Please click on any of the coded models listed on the pages below to learn more about its background and why it came into being, its special features, its specifications and its production history. The following lineage charts are organized in groups:



The S-76 was launched in the 1975 timeframe as the first Sikorsky model to be designed for commercial rather than military missions in order to increase the commercial portion of the company's business. Its intended missions included the transport of workers to and from offshore oil rigs in a 12 passenger version and transport of business executives in a 6 passenger VIP version. Funding for its design, development and certification was provided from company sources. The technology basis for the S-76 was the Utility Tactical Transport Aircraft System (UTTAS) that had been awarded to Sikorsky in 1972. In particular, the rotor blade aerodynamic and structural features including blade airfoil, twist, swept tip and titanium spar were all embodied in the S-76. The UTTAS elastomeric main rotor head design as well as the cross beam bearingless tail rotor design was also applied to the S-76.

The Sikorsky S-76® is an intermediate class twin engine commercial helicopter powered by two turboshaft engines, which drive both the main and tail rotors, each with four blades.
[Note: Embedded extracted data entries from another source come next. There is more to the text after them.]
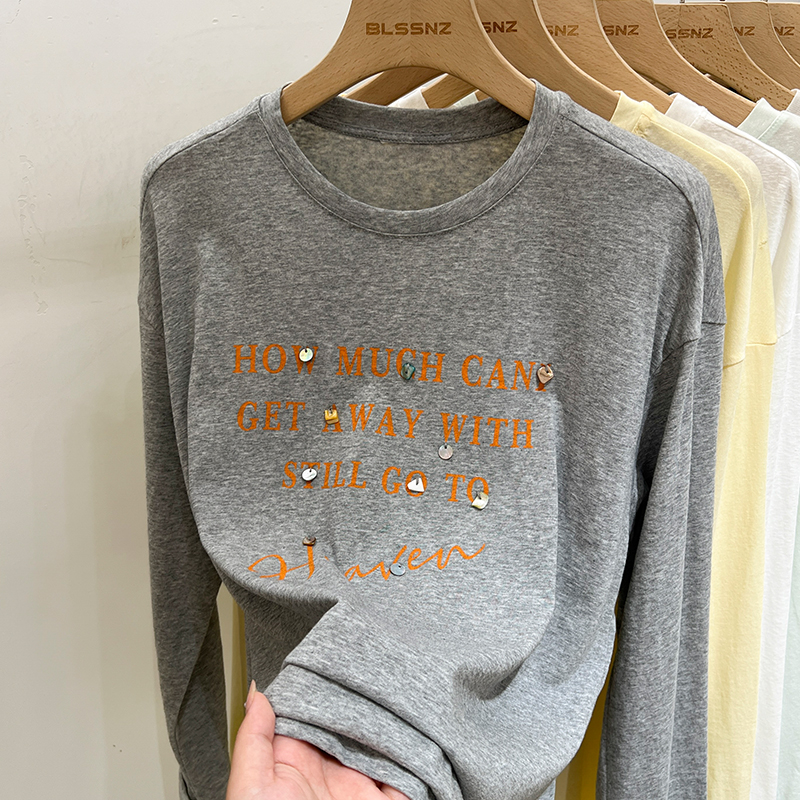 실제 가격 실제 샷 #Gray 편지 인쇄 얇은 태양 보호 긴팔 티셔츠 여름 티셔츠 느슨한 블라우스 탑
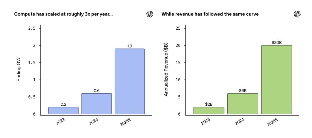 根据报告中的数据,2023到2025年间,OpenAI算力增长9.5倍,收入也呈现出相同的增长曲线,同比增幅达到三倍,三年内增长了10倍。
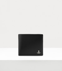 Our Man. Wallet in PU leather showcases a grain-embossed texture with the phrase 'Vivienne Westwood' inscribed on the interior panel. The piece features a snap-fastening coin pocket with three integrated card slots, finished with a dedicated compartment for receipts and notes. Code: 8050889912941 - Features a metal orb stud - Three credit card slots - One note slot - Press-stud coin compartment - Tonal stitching - Height 9.5cm, width 10.5cm, depth 1cm - Made in Italy COMPOSITION - 100% Polyurethane

The S-76 landing gear is retractable.

The S-76 was announced at The HAA (now HAI) Convention in Las Vegas, Nevada in February 1975.

S-76A Executive Transport Helicopter

The sleek lines of the S-76 combined with significant advancements in rotor technologies and with improved engine fuel consumption, resulted in a helicopter having excellent efficiency.
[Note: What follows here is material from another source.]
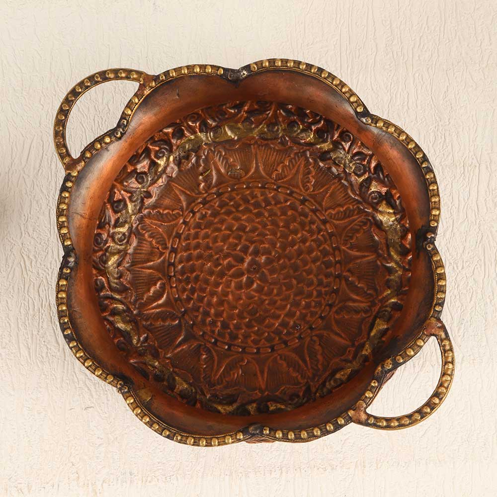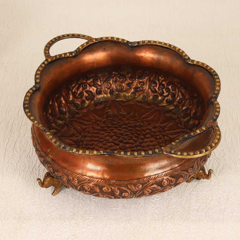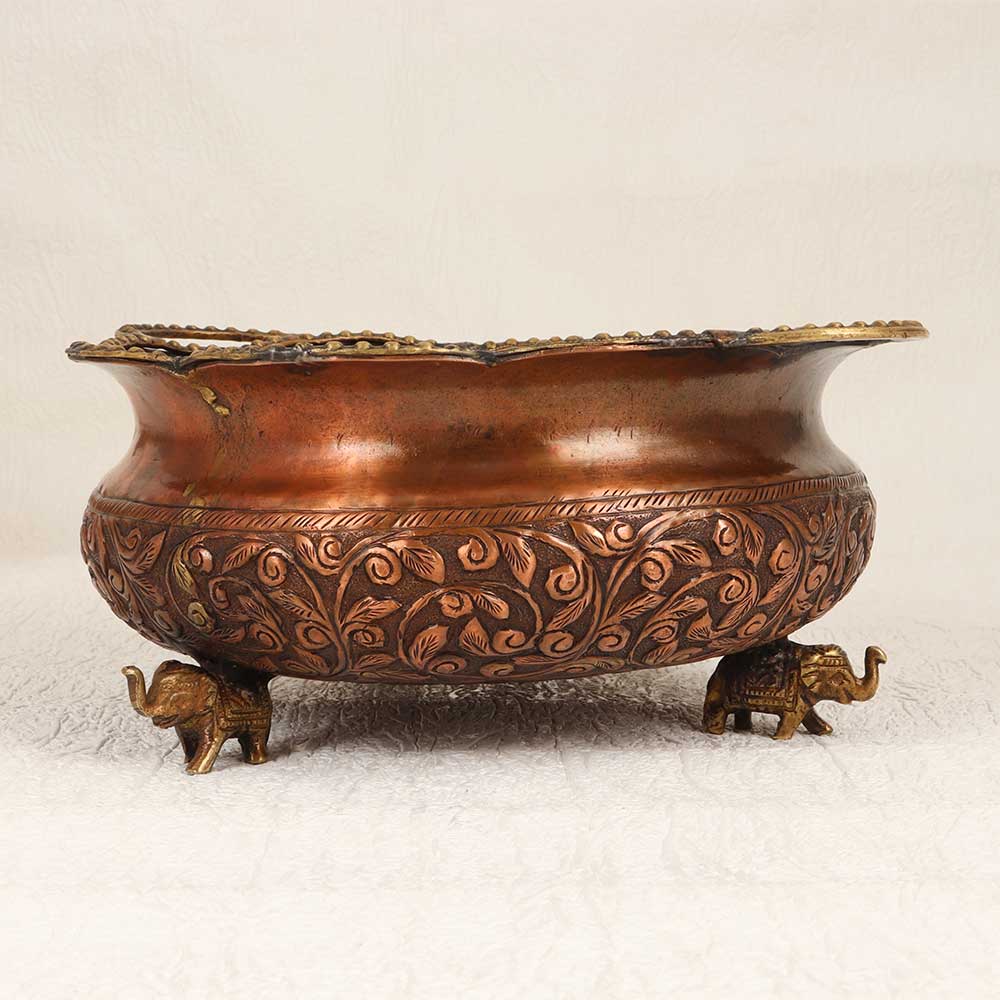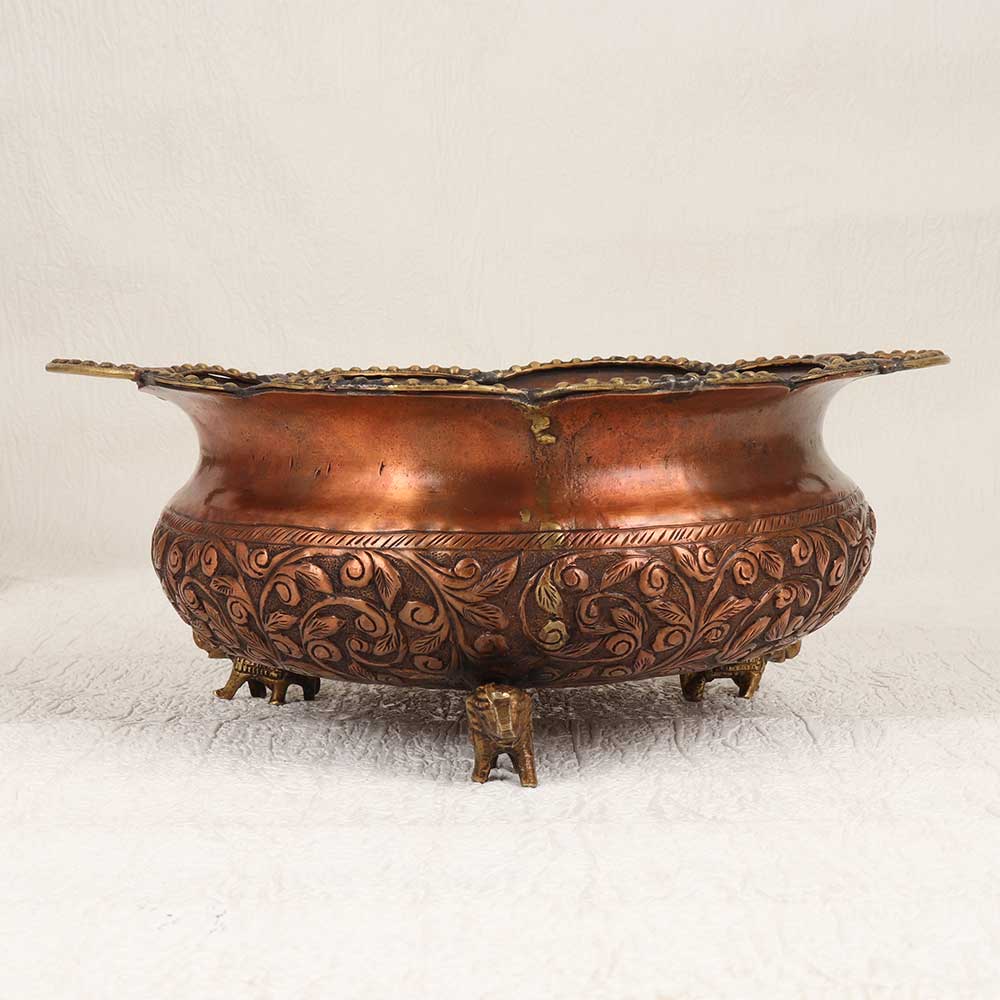 This Vintage Copper Brass Round Urli Pot is a timeless piece of artistry that seamlessly combines craftsmanship and elegance. Handcrafted by highly talented artisans, this urli pot boasts intricate engravings that tell a story of tradition and cultural richness. The round shape, coupled with four stands in the form of majestic elephants, adds a touch of regality to its design. Crafted from high-quality copper brass, the urli pot features a warm antique brown finish, providing it with a distinctive vintage charm. The attention to detail is evident in every curve and pattern, making it a captivating addition to any space. Its versatile nature allows it to grace the interiors of homes, offices, restaurants, hotels, or cafes with equal grace, becoming a focal point of admiration. This urli pot not only serves as a unique decorative piece but also holds sentimental value as it can be added to your vintage collection. Furthermore, it makes for an extraordinary gift, elevating the spirit of special, festive, or auspicious occasions. Embrace the allure of the past with this Vintage Copper Brass Round Urli Pot which is a testament to craftsmanship, heritage, and timeless beauty.

The executive transport version was designed with a quiet cabin which would provide a work environment during flight and allow conversations without the need for headsets.  The S-76 was designed to replace small business jets for short to medium business trips.

Sikorsky's development of the UH-60 Black Hawk served as the basis for the S-74, which was later re-designated the S-76 Spirit in honor of the U.S. Bicentennial. The design accommodates 2 pilots and 12 passengers, to accommodate an oil rig crew change, and was initially powered by two Allison 250 C30 turboshaft engines of 650 shp (Takeoff Power) each. The prototype first flew on March 13, 1977.  The name Spirit was officially dropped by the company on October 9, 1980 due to unanticipated complications when Spirit was translated into certain foreign languages.


S-76A Oil Rig Crew Change

The first production variant was the S-76A. In 1982 this model set 12 world records for speed and time to climb in its weight class.  A closed course 500 km (311 mi) speed record was set at 214.8 mph. 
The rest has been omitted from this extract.